I set to work with those.

“I like this other name,” said Noah. “Lanterloo. It’s funny. It’s a funny word to say.” As though to prove it, he repeated “Lanterloo” in different tones at different speeds.

I interrupted him. “You did say you would help me, yes?”

“Of course.”

“Well, that’s not helpful. Does it have a star beside it?”

Noah peered down at the list. “No.”

“Then it isn’t one we need to know.”

“What does the star mean?” Noah asked.

I wasn’t used to having someone asking questions at my shoulder while I worked. “It means that cards are taken from the pack before they start to play that game. Like in belote.” I realized that he didn’t know the help he’d been to me already, so I told him how his comment New Year’s Eve had set me on a course to solve the cipher.

He was smiling. “Really? Did I really help you?”

“Yes. Perhaps you’ll be a spy when you grow up.”

“I wouldn’t like to be a spy. They’re like assassins,” Noah said. “They can’t have friends.”

The perfect sort of job for me, then. “Is that right?” I only said this because Jacqui always said it, I had noticed, when she was absorbed in something else yet wanted to appear to be involved in someone’s conversation. And it worked. While I was focused on my numbers, Noah rambled on about some comic book, and I paid no attention. When I’d finished, he was finishing as well.
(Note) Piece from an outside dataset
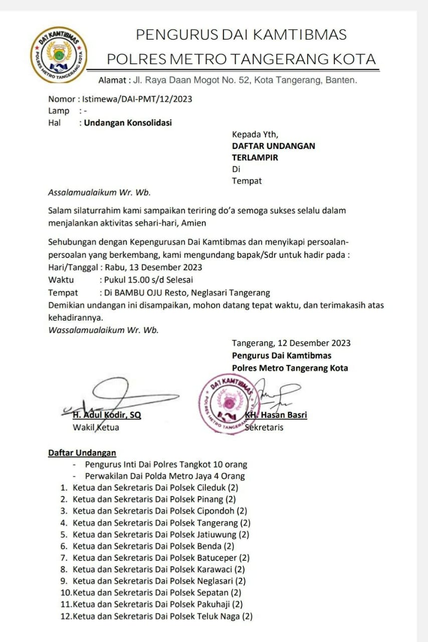 MAHARDHIKAnews.com KOTA TANGERANG, – Forum pengurus Da’i Kamtibmas Polres Metro Tangerang Kota berencana gelar rapat konsolidasi kepengurusan Rabu (13/11/2023) di RM Bambu Oju Neglasari Kota Tangerang.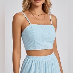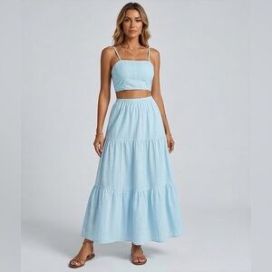 Embrace effortless summer elegance with this stunning two-piece eyelet maxi set. Combining a modern cropped silhouette with timeless embroidery, this set is designed for sun-drenched days and breezy evenings.

“…so it was only that his family had been killed and he was left alone and that’s why he became a hit man, but he wasn’t really bad.”

“That’s nice,” I said. “The next one, please.”

“Why do you only want the games where they take cards out first?”

One saving feature of his questions, I conceded, was the fact they were direct enough that I could answer easily. “Because she used a game like that to be her key the first time round. It makes the cipher trickier. I’m guessing she’ll have made another game like that her key this time, as well.” If I was wrong, I thought, at least I’d have eliminated several possibilities among the many. Evidently people in the eighteenth century had loved their card games.

Noah frowned. “A key like in the door?”

“In a way. A door key can unlock a door, a cipher key unlocks the cipher, but it doesn’t look the way a door key looks. In this case it would be a piece of paper, where she wrote a list to show what number stands in for what letter.” Which was simplifying things, because of course some ciphers used more complicated keys.

“Why,” asked Noah, “is it called a cipher?”

In his arms the cat had changed position, rolling so his head was upside down but with his gaze still steady on me as though he was also interested.